4. A flying vehicle ride as recited in claim 1, wherein the frame has a seat for accommodating an occupant, the control means including a handle accessible to the occupant and a moving means for moving the wings between the neutral and lift generating positions when the handle is manipulated.

5. A flying vehicle ride as recited in claim 4, wherein the moving means includes a mechanical linkage extending between the handle and the wings.

6. A flying vehicle ride as recited in claim 1, wherein one of the wings leads the other in the direction of travel of the vehicle.

7. A flying vehicle ride as recited in claim 1, wherein each wing defines a chord, and presents a symmetrical profile about the chord.

8. A flying vehicle ride as recited in claim 1, further comprising a stabilizer bar extending between and connecting the wings together.

9. A flying vehicle ride as recited in claim 1, wherein the frame has a seat for accommodating a pair of side-by-side occupants.

10. A vehicle for a flying vehicle ride, comprising:

a frame including a seat having left and right sides:

a pair of wings that are moveable together between a neutral position, a first lift generating position in which the wings generate leftward lift, and a second lift generating position in which the wings generate rightward lift, wherein one of the wings is displaced forward of the other wing relative to the frame; and

a manually actuated control means for controlling movement of the wings between the neutral and lift generating positions.

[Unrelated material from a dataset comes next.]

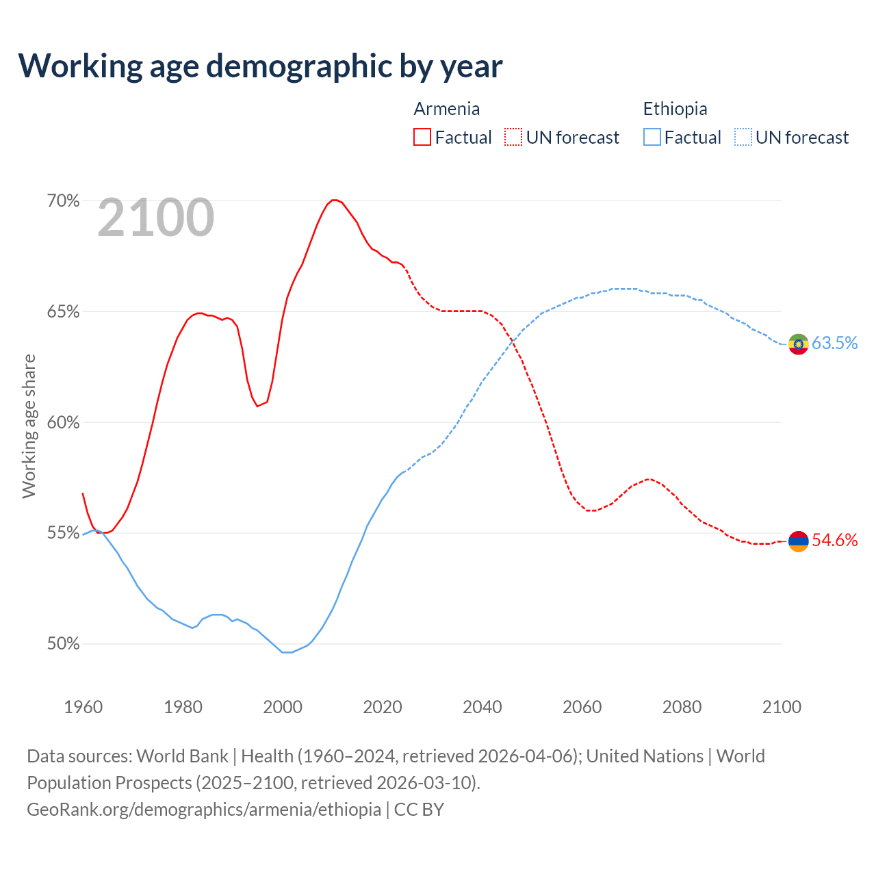 - Armenia has 2M working age adults (aged 15-64) vs 80.7M in Ethiopia.

11. A vehicle for a flying vehicle ride, comprising:

a frame including a seat having left and right sides:

a pair of wings that are moveable together between a neutral position, a first lift generating position in which the wings generate leftward lift, and a second lift generating position in which the wings generate rightward lift, wherein the frame includes hinges on which the wings are mounted for relative pivoting movement, the hinges defining a substantially vertical pivot axis for each wing, and

a manually actuated control means for controlling movement of the wings between the neutral and lift generating positions.

12. A vehicle as recited in claim 11, further comprising a seat for accommodating an occupant, the control means including a handle accessible to the occupant and a moving means for moving the wings between the neutral and lift generating positions when the handle is manipulated.

13. A vehicle as recited in claim 11, wherein each wing defines a chord, and presents a symmetrical profile about the chord.

14. A vehicle as recited in claim 11, further comprising a stabilizer bar extending between and connecting the wings together.

15. A vehicle as recited in claim 11, wherein the frame includes a seat for accommodating a pair of side-by-side occupants.